Exercise: Here are the records. Write out exactly the lines between the one holding "Escurre los espaguetis" and the one holding "lion lion |", inclusive.
[[ Input records open ]]
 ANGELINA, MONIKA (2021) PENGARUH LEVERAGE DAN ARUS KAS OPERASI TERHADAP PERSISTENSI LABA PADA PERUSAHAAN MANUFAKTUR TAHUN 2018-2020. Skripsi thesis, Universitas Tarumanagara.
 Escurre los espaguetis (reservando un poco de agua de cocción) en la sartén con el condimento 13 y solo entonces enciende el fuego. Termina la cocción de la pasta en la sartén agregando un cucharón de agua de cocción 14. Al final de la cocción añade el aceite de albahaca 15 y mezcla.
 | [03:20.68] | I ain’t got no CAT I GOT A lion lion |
[[ Input records closed ]]
[[ Input records open ]]
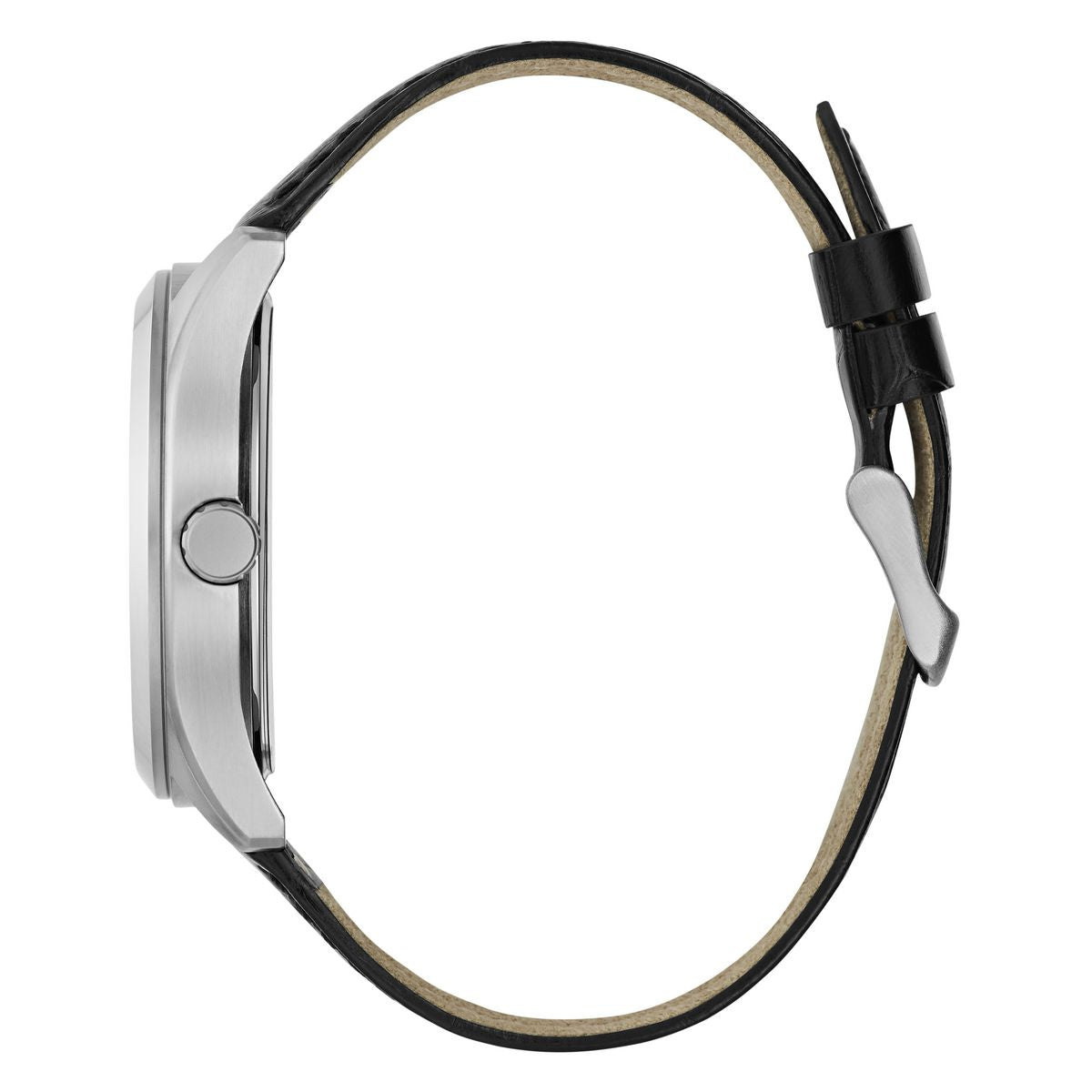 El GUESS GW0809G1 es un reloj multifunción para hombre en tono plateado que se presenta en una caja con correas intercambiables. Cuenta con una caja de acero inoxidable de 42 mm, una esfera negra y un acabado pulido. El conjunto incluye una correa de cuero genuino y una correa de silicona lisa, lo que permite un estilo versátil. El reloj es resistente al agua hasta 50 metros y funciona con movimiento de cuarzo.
[[ Input records closed ]]
[[ Input records open ]]
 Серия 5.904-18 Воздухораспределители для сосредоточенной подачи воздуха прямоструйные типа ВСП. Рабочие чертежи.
[[ Input records closed ]]
Problem solution:
 Escurre los espaguetis (reservando un poco de agua de cocción) en la sartén con el condimento 13 y solo entonces enciende el fuego. Termina la cocción de la pasta en la sartén agregando un cucharón de agua de cocción 14. Al final de la cocción añade el aceite de albahaca 15 y mezcla.
 | [03:20.68] | I ain’t got no CAT I GOT A lion lion |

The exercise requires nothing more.